- How to complete this task -
Transcribe, exactly and without pictures, the lines below from the line with "Cho đường tròn" to the line with "1783: Brief von", both ends included, and no others.

- Record excerpts -
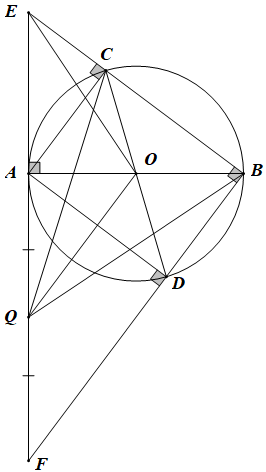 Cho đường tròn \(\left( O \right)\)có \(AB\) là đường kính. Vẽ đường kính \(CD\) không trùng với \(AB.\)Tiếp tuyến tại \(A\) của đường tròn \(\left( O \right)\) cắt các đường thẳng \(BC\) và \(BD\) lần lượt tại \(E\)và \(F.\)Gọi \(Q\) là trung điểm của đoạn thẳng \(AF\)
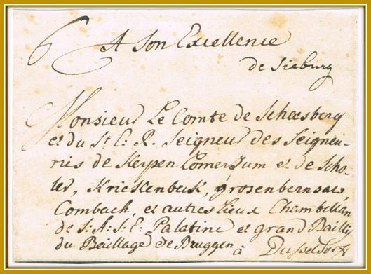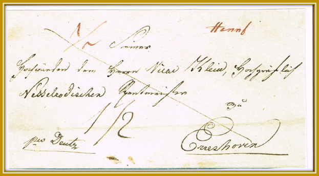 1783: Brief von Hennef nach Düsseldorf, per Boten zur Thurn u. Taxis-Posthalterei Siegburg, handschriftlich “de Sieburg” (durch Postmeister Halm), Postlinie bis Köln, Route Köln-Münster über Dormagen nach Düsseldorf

--

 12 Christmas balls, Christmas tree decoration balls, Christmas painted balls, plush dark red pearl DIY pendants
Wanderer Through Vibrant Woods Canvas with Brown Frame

- Answer to the problem -
 Cho đường tròn \(\left( O \right)\)có \(AB\) là đường kính. Vẽ đường kính \(CD\) không trùng với \(AB.\)Tiếp tuyến tại \(A\) của đường tròn \(\left( O \right)\) cắt các đường thẳng \(BC\) và \(BD\) lần lượt tại \(E\)và \(F.\)Gọi \(Q\) là trung điểm của đoạn thẳng \(AF\)
 1783: Brief von Hennef nach Düsseldorf, per Boten zur Thurn u. Taxis-Posthalterei Siegburg, handschriftlich “de Sieburg” (durch Postmeister Halm), Postlinie bis Köln, Route Köln-Münster über Dormagen nach Düsseldorf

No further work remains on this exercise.